**GOAL OF THE EXERCISE**.
Set down every record below exactly as it stands, with the pictures omitted.

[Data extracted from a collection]
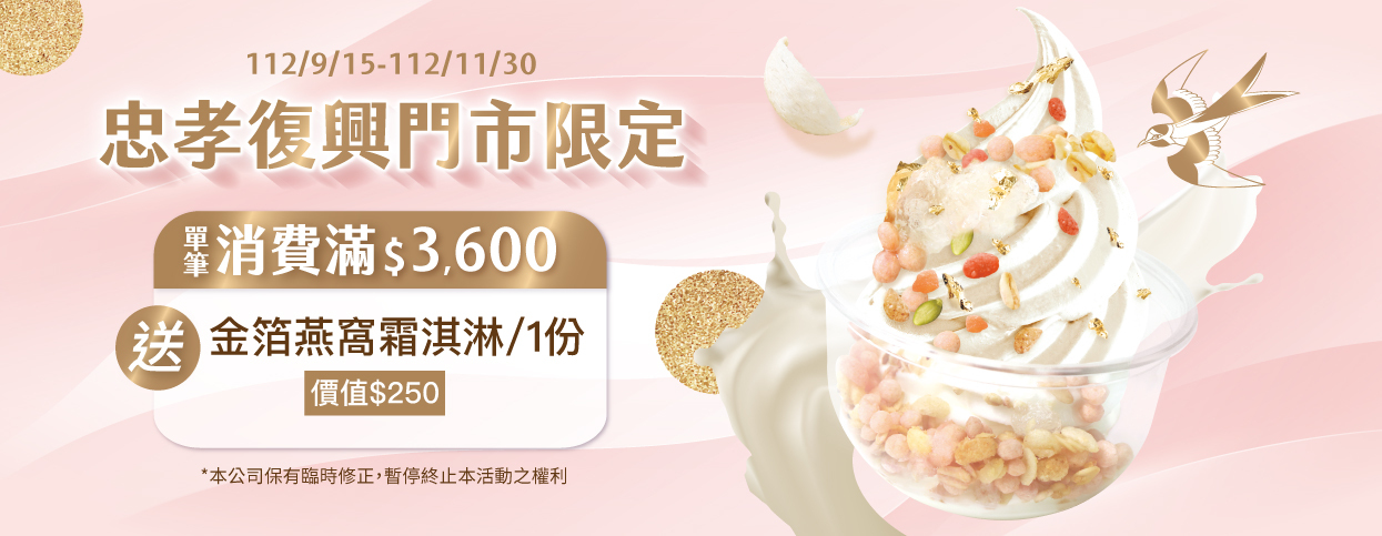 全台首創金箔燕窩霜淇淋,滿額就能免費品嚐 !
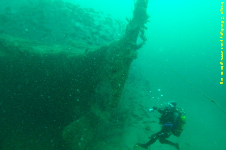 | (Un plongeur du GRIEME le long de la coque du Pylades) |
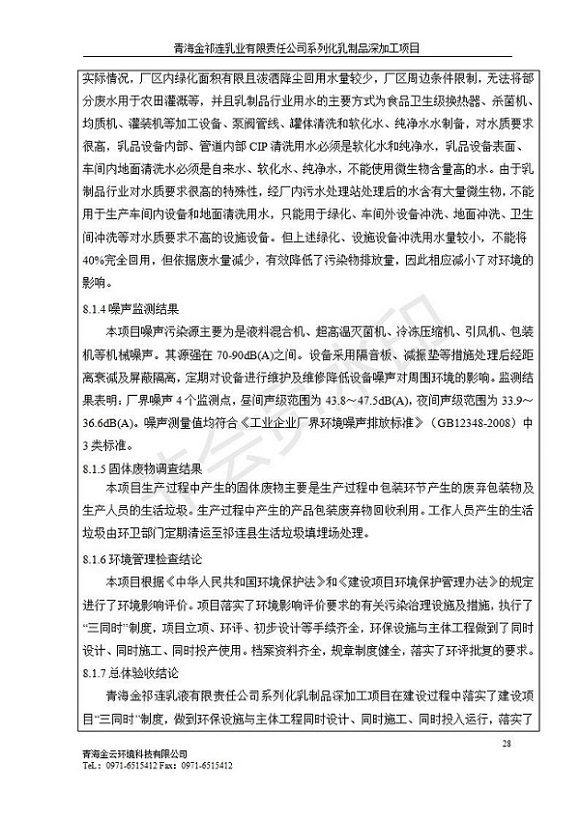 青海金祁連乳業(yè)有限責(zé)任公司系列化乳制品深加工項(xiàng)目竣工環(huán)境保護(hù)驗(yàn)收監(jiān)測報(bào)告表公示發(fā)布日期:(2019-7-10) 點(diǎn)擊次數(shù):2176 |
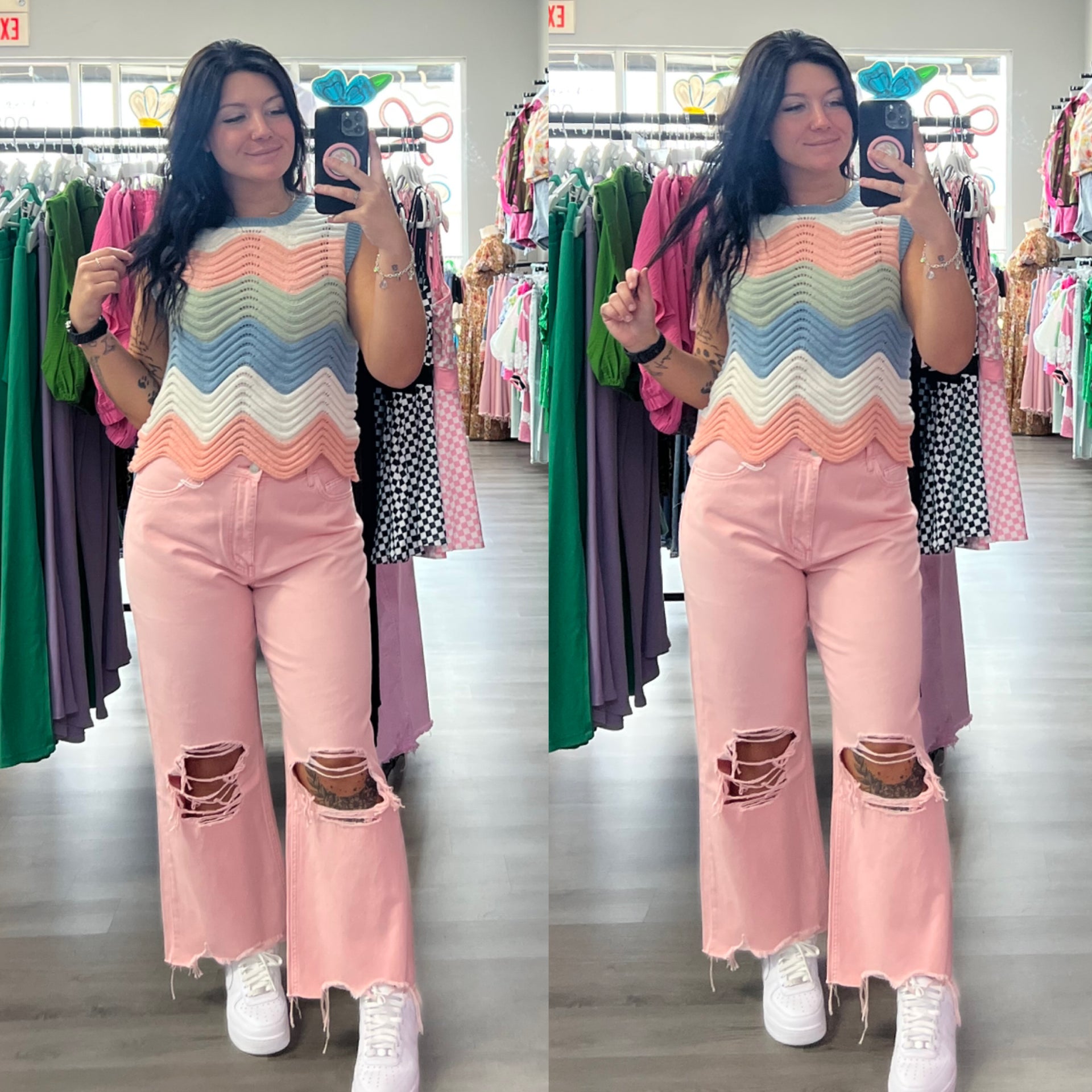 Pastel Neutral Mutli Color Waive Pointelle Sweater Tank
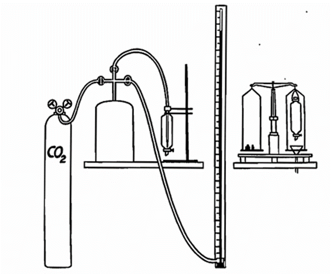 The method of determination of head retention capacity worked out by us is based on the following principle: At a given temperature a certain volume of foam is formed from a known volume of beer by blowing carbon dioxide of constant pressure through a Chamberland filter. At determined intervals the residual foam is weighed in the manner described. The temperature being of great importance, the beer is stood for several hours in a water thermostat at 68° F. (20° C), and the measurements are carried out in a room where the temperature is automatically regulated to the same degree. These precautions are necessary for exact determination; for less exact purposes a constant room temperature may be dispensed with. The carbon dioxide pressure is easily kept constant at 175 cm. of mercury by means of a container with a volume of 25 litres.
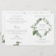 Programa de celebração de casamento com folhas botânicas verdes delicadas, geometria de ouro e texto de caligrafia.
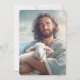 Cette carte à plat est illustrée d'une photo de Jésus tenant un agneau.
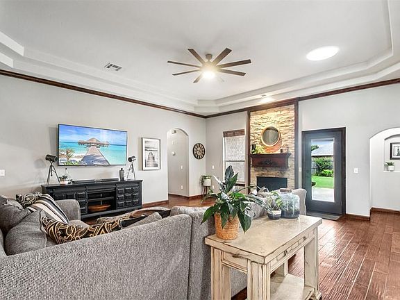 Step inside and prepare to be impressed—this home is packed with custom touches and thoughtful upgrades that truly set it apart. From the moment you walk through the front door, the beautifully engineered wood floors and spacious layout create an inviting and upscale feel. Just off the entry, a dedicated study with rich flooring provides the perfect space to work from home. The open-concept living room is both spacious and cozy, centered around a striking stacked stone fireplace that serves as the room’s focal point. Flow seamlessly into the chef’s kitchen, where you'll find granite countertops, a large center island, gas range, built-in stainless steel appliances, and a custom stone surround that ties the entire space together. A walk-in pantry offers even more storage. The home’s split floor plan gives the primary suite its own wing, providing privacy and comfort. This oversized bedroom easily accommodates king-size furniture and includes a cozy sitting area. The attached en suite bath feels like a spa, featuring double vanities, a soaking tub, separate shower, and a walk-in closet. On the opposite side of the home, you’ll find two additional bedrooms and a generously sized guest bathroom with a tub/shower combo—perfect for guests or family. Step outside to enjoy your covered back patio and fully fenced backyard, perfect for outdoor entertaining or quiet evenings under the stars. And when Oklahoma weather strikes, you'll rest easy knowing there's a storm shelter conveniently located in the three-car garage. Located in the highly sought-after Moore School District, this home is situated in a welcoming neighborhood with a community park and pool. Professional Photos will be on July 3rd
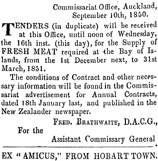 Commissariat Office, Auckland, September 10th, 1850. TENDERS (in duplicate) will be received at this Office, until noon of Wednesday, the 16th inst. (this day), for the Supply of FRESH MEAT required at 4he Bay of Islands, from the Ist December next, to 31st March, 1851. The conditions of Contract and other necessary information will be found in the Commissariat advertisement for Annual Contracts, dated 1 8th January last, and published in the New Zealander newspaper. Fred. Brathwaite, D.A.C.G.i For the Assistant Commissary General EX " AMICUS," FROM HOBART TOWN.
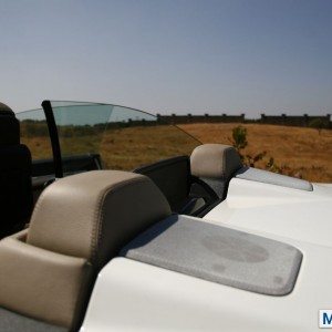 Space inside is generous for the front two passengers, with the first two seats offering great comfort and support. Same, however, cannot be said about the back seats, which though useable by adults, don’t exactly offer liberal leg space. The backseats are angled upwards to make sure that the knees don’t brush against the backrests of the front seats. The trick actually works for average sized adults, and four adults can travel together on this car with light luggage, but not for more than a couple of hundred kilometers. Also, the backseat is meant strictly for two passengers as the central portion is raised with two permanently fixed cp holders. Boot space is reduced, thanks to the soft top stowing into the trunk. It still is reasonably good with a luggage capacity of 390 liters.
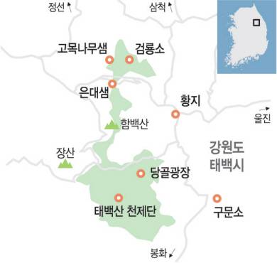 태백산은 예로부터 영험한 산이었다. 신증동국여지승람의 한 대목을 읽어보자. ‘천하의 명산은 삼한(三韓)에 많고, 삼한의 명승은 동남(東南)이 가장 뛰어나다. 동남의 거산(巨山)은 태백이 우두머리가 된다.’ 태백은 일찌감치 명산(名山)의 반열에 올랐다. 산세가 웅장하거나 아름다워서라기보다, 거기 서린 신령스럽고 영험한 기운 때문이었다.
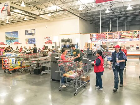 Crowded people waiting in line for checkout at Costco warehouse with social distancing near Dallas, Texas
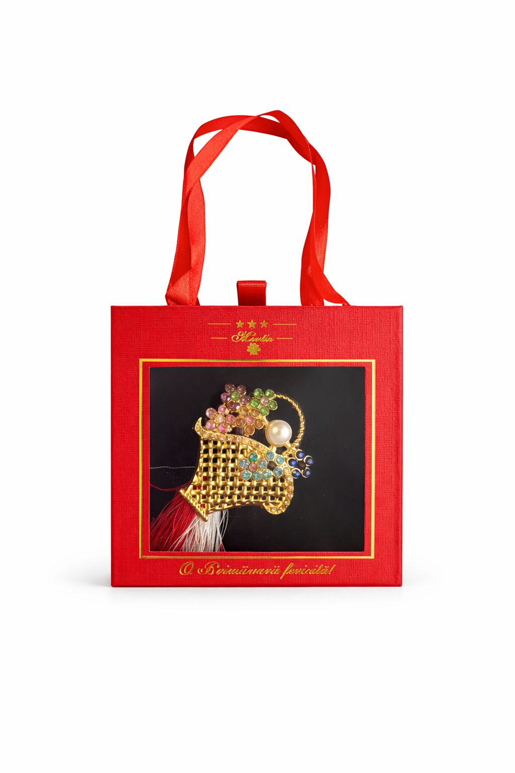 Pentru o nota de originalitate, alege brosa Martisor 5 cm, Geanta cu flori. Detaliile fine si culorile vii transforma aceasta brosa intr-o piesa de rezistenta, simbolizand cochetaria si bucuria inceputului de primavara.
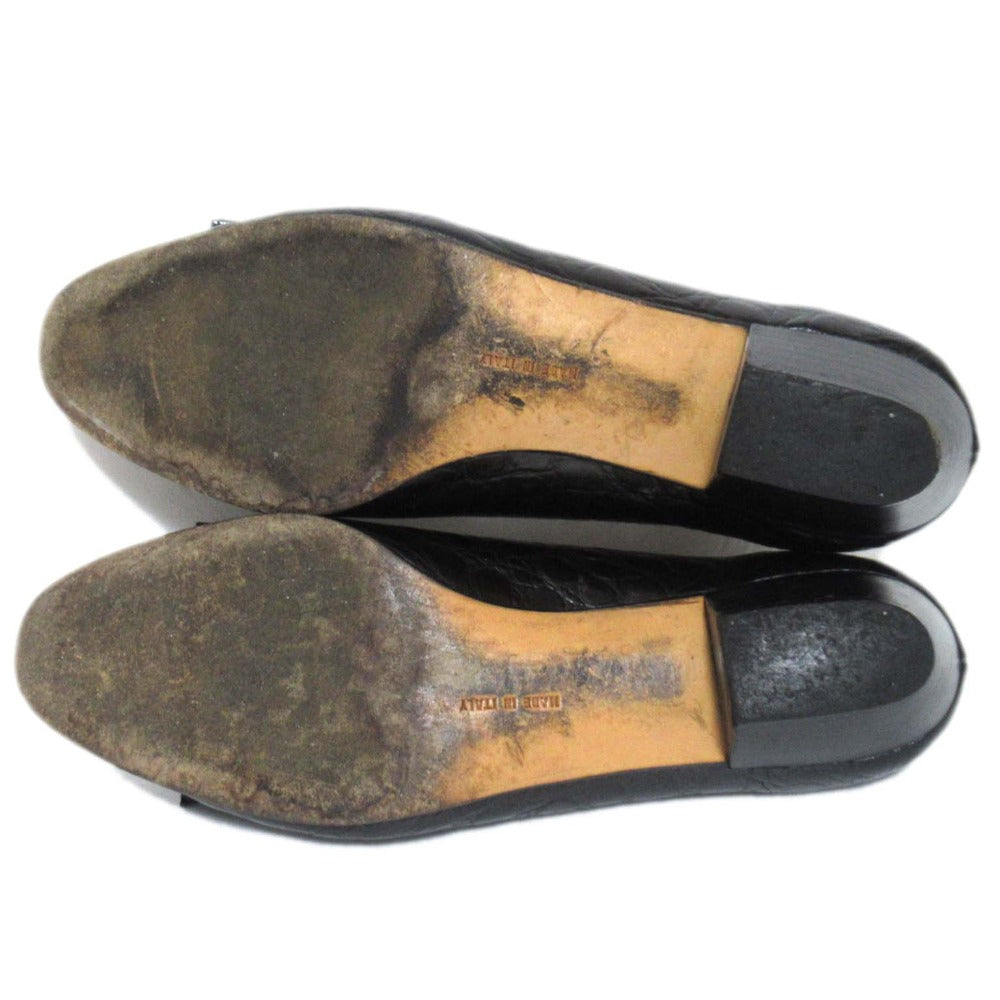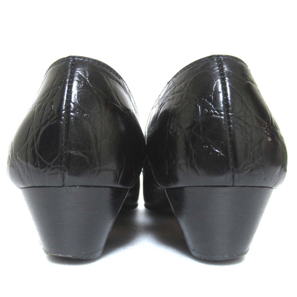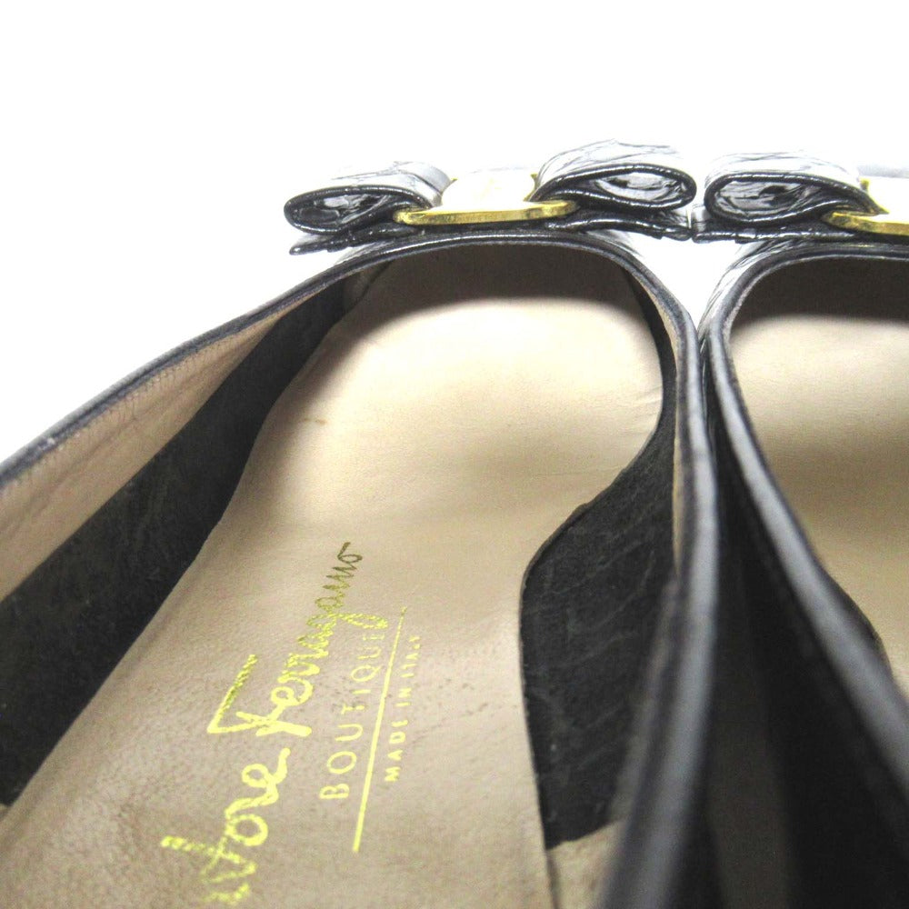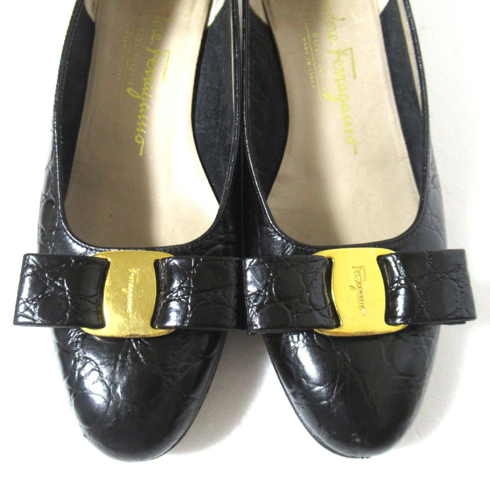 Step into timeless elegance with the Salvatore Ferragamo Vara Croco Embossed Pumps. Crafted with luxurious crocodile-embossed leather, these iconic pumps offer unparalleled comfort and a touch of sophisticated style. Perfect for the discerning woman who appreciates quality and effortless chic, elevating your everyday look with a touch of Ferragamo's signature charm.
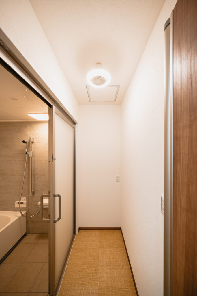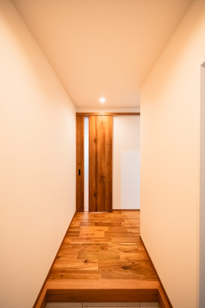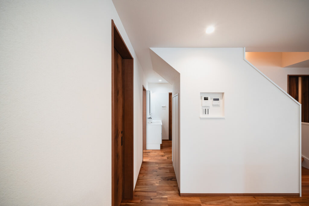 そして、キッチンから階段下をぐるっと回ると水回り動線へつながります。

**EXPECTED ANSWER**.
 全台首創金箔燕窩霜淇淋,滿額就能免費品嚐 !
 | (Un plongeur du GRIEME le long de la coque du Pylades) |
 青海金祁連乳業(yè)有限責(zé)任公司系列化乳制品深加工項(xiàng)目竣工環(huán)境保護(hù)驗(yàn)收監(jiān)測報(bào)告表公示發(fā)布日期:(2019-7-10) 點(diǎn)擊次數(shù):2176 |
 Pastel Neutral Mutli Color Waive Pointelle Sweater Tank
 The method of determination of head retention capacity worked out by us is based on the following principle: At a given temperature a certain volume of foam is formed from a known volume of beer by blowing carbon dioxide of constant pressure through a Chamberland filter. At determined intervals the residual foam is weighed in the manner described. The temperature being of great importance, the beer is stood for several hours in a water thermostat at 68° F. (20° C), and the measurements are carried out in a room where the temperature is automatically regulated to the same degree. These precautions are necessary for exact determination; for less exact purposes a constant room temperature may be dispensed with. The carbon dioxide pressure is easily kept constant at 175 cm. of mercury by means of a container with a volume of 25 litres.
 Programa de celebração de casamento com folhas botânicas verdes delicadas, geometria de ouro e texto de caligrafia.
 Cette carte à plat est illustrée d'une photo de Jésus tenant un agneau.
 Step inside and prepare to be impressed—this home is packed with custom touches and thoughtful upgrades that truly set it apart. From the moment you walk through the front door, the beautifully engineered wood floors and spacious layout create an inviting and upscale feel. Just off the entry, a dedicated study with rich flooring provides the perfect space to work from home. The open-concept living room is both spacious and cozy, centered around a striking stacked stone fireplace that serves as the room’s focal point. Flow seamlessly into the chef’s kitchen, where you'll find granite countertops, a large center island, gas range, built-in stainless steel appliances, and a custom stone surround that ties the entire space together. A walk-in pantry offers even more storage. The home’s split floor plan gives the primary suite its own wing, providing privacy and comfort. This oversized bedroom easily accommodates king-size furniture and includes a cozy sitting area. The attached en suite bath feels like a spa, featuring double vanities, a soaking tub, separate shower, and a walk-in closet. On the opposite side of the home, you’ll find two additional bedrooms and a generously sized guest bathroom with a tub/shower combo—perfect for guests or family. Step outside to enjoy your covered back patio and fully fenced backyard, perfect for outdoor entertaining or quiet evenings under the stars. And when Oklahoma weather strikes, you'll rest easy knowing there's a storm shelter conveniently located in the three-car garage. Located in the highly sought-after Moore School District, this home is situated in a welcoming neighborhood with a community park and pool. Professional Photos will be on July 3rd
 Commissariat Office, Auckland, September 10th, 1850. TENDERS (in duplicate) will be received at this Office, until noon of Wednesday, the 16th inst. (this day), for the Supply of FRESH MEAT required at 4he Bay of Islands, from the Ist December next, to 31st March, 1851. The conditions of Contract and other necessary information will be found in the Commissariat advertisement for Annual Contracts, dated 1 8th January last, and published in the New Zealander newspaper. Fred. Brathwaite, D.A.C.G.i For the Assistant Commissary General EX " AMICUS," FROM HOBART TOWN.
 Space inside is generous for the front two passengers, with the first two seats offering great comfort and support. Same, however, cannot be said about the back seats, which though useable by adults, don’t exactly offer liberal leg space. The backseats are angled upwards to make sure that the knees don’t brush against the backrests of the front seats. The trick actually works for average sized adults, and four adults can travel together on this car with light luggage, but not for more than a couple of hundred kilometers. Also, the backseat is meant strictly for two passengers as the central portion is raised with two permanently fixed cp holders. Boot space is reduced, thanks to the soft top stowing into the trunk. It still is reasonably good with a luggage capacity of 390 liters.
 태백산은 예로부터 영험한 산이었다. 신증동국여지승람의 한 대목을 읽어보자. ‘천하의 명산은 삼한(三韓)에 많고, 삼한의 명승은 동남(東南)이 가장 뛰어나다. 동남의 거산(巨山)은 태백이 우두머리가 된다.’ 태백은 일찌감치 명산(名山)의 반열에 올랐다. 산세가 웅장하거나 아름다워서라기보다, 거기 서린 신령스럽고 영험한 기운 때문이었다.
 Crowded people waiting in line for checkout at Costco warehouse with social distancing near Dallas, Texas
 Pentru o nota de originalitate, alege brosa Martisor 5 cm, Geanta cu flori. Detaliile fine si culorile vii transforma aceasta brosa intr-o piesa de rezistenta, simbolizand cochetaria si bucuria inceputului de primavara.
 Step into timeless elegance with the Salvatore Ferragamo Vara Croco Embossed Pumps. Crafted with luxurious crocodile-embossed leather, these iconic pumps offer unparalleled comfort and a touch of sophisticated style. Perfect for the discerning woman who appreciates quality and effortless chic, elevating your everyday look with a touch of Ferragamo's signature charm.
 そして、キッチンから階段下をぐるっと回ると水回り動線へつながります。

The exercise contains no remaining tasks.